## YOUR OBJECTIVE
Print the data verbatim. Leave every image out.

====== RECORD EXCERPTS ======

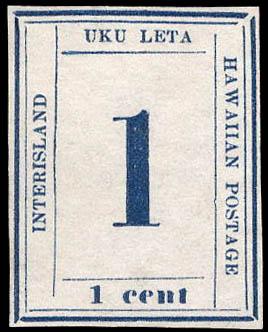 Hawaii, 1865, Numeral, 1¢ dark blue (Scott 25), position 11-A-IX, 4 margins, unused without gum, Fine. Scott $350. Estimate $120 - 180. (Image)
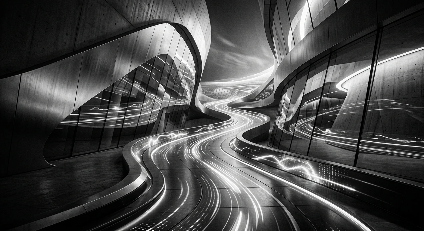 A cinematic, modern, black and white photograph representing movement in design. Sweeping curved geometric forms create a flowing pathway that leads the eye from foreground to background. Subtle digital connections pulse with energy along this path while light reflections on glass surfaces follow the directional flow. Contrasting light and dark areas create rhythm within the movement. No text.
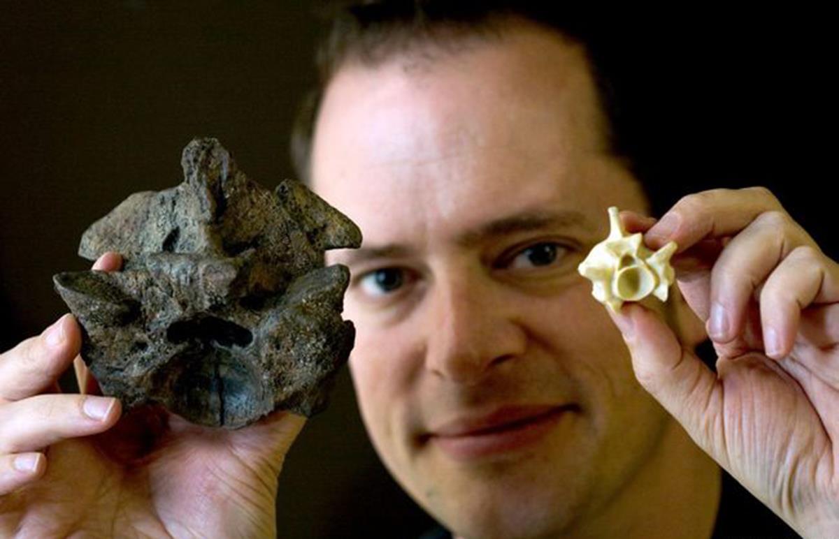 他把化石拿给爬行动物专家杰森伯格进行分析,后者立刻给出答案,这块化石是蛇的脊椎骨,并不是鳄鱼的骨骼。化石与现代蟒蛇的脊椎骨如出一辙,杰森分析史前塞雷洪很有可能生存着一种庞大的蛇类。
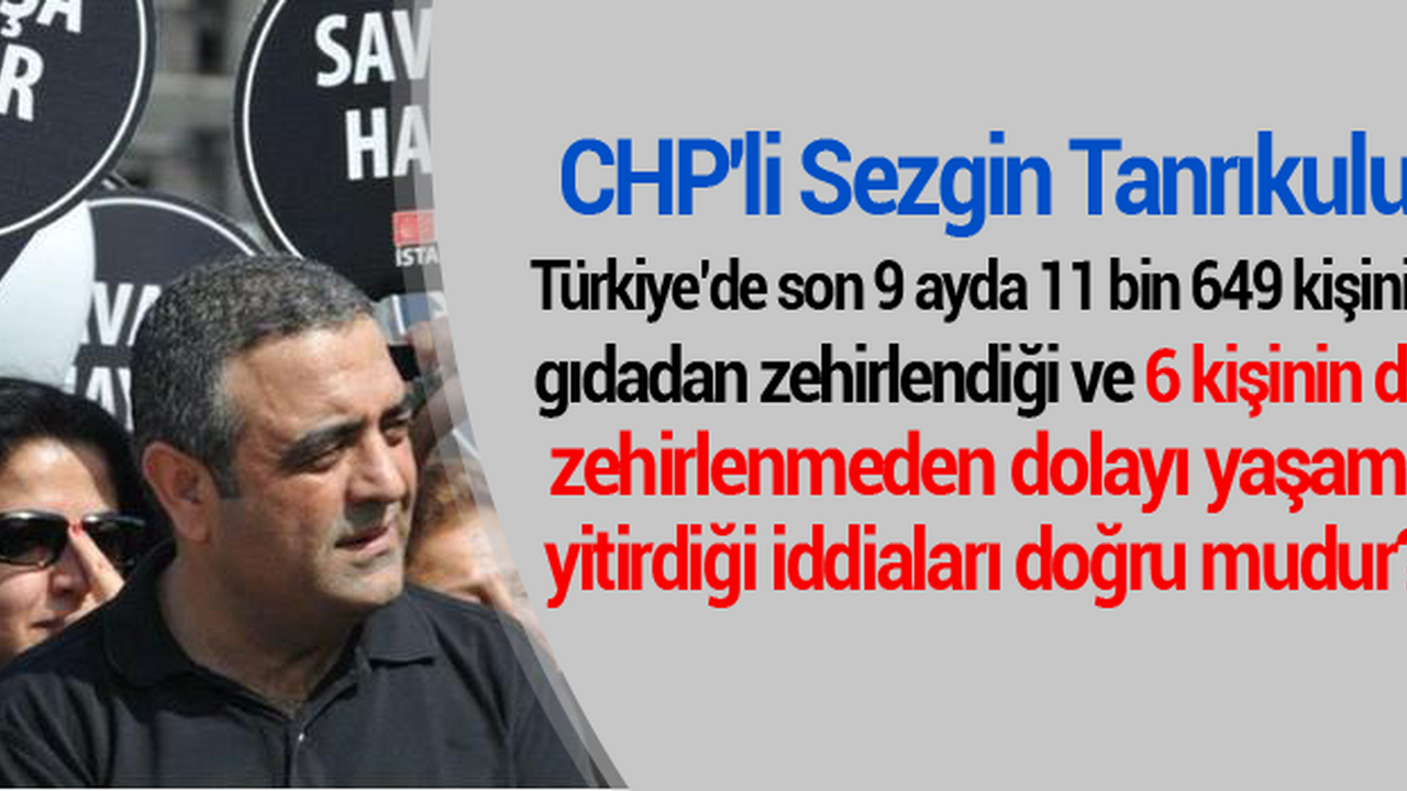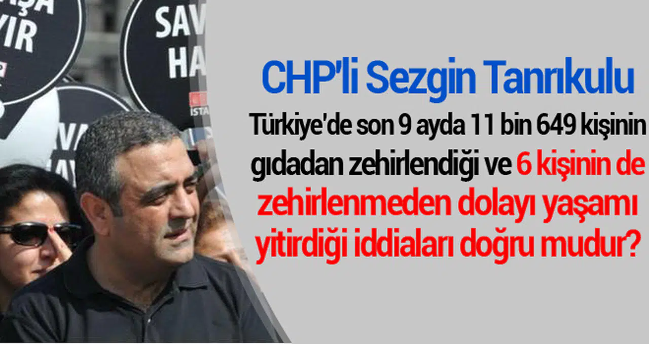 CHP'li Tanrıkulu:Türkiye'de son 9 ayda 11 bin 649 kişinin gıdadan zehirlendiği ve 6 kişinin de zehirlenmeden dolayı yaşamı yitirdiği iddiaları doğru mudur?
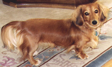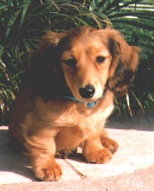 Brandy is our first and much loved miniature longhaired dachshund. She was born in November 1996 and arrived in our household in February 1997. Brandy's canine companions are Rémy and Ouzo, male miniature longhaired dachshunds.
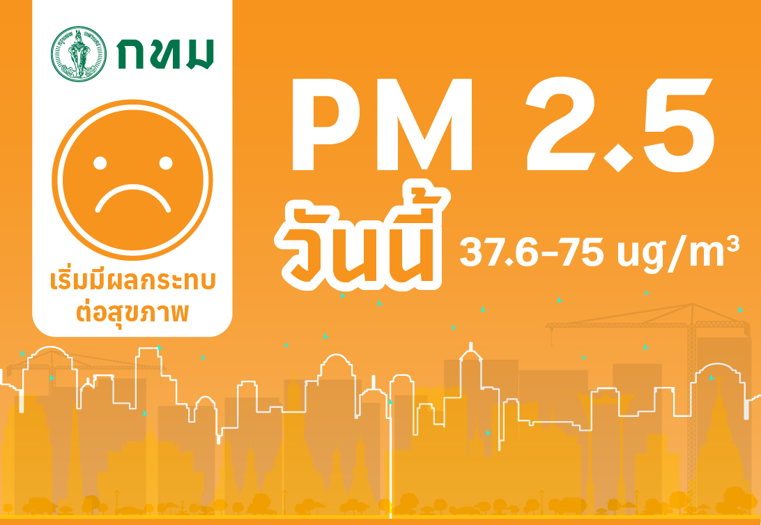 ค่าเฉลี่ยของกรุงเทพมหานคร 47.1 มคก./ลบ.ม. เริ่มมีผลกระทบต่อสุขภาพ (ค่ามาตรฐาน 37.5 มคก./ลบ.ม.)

======

## TASK RESPONSE
 Hawaii, 1865, Numeral, 1¢ dark blue (Scott 25), position 11-A-IX, 4 margins, unused without gum, Fine. Scott $350. Estimate $120 - 180. (Image)
 A cinematic, modern, black and white photograph representing movement in design. Sweeping curved geometric forms create a flowing pathway that leads the eye from foreground to background. Subtle digital connections pulse with energy along this path while light reflections on glass surfaces follow the directional flow. Contrasting light and dark areas create rhythm within the movement. No text.
 他把化石拿给爬行动物专家杰森伯格进行分析,后者立刻给出答案,这块化石是蛇的脊椎骨,并不是鳄鱼的骨骼。化石与现代蟒蛇的脊椎骨如出一辙,杰森分析史前塞雷洪很有可能生存着一种庞大的蛇类。
 CHP'li Tanrıkulu:Türkiye'de son 9 ayda 11 bin 649 kişinin gıdadan zehirlendiği ve 6 kişinin de zehirlenmeden dolayı yaşamı yitirdiği iddiaları doğru mudur?
 Brandy is our first and much loved miniature longhaired dachshund. She was born in November 1996 and arrived in our household in February 1997. Brandy's canine companions are Rémy and Ouzo, male miniature longhaired dachshunds.
 ค่าเฉลี่ยของกรุงเทพมหานคร 47.1 มคก./ลบ.ม. เริ่มมีผลกระทบต่อสุขภาพ (ค่ามาตรฐาน 37.5 มคก./ลบ.ม.)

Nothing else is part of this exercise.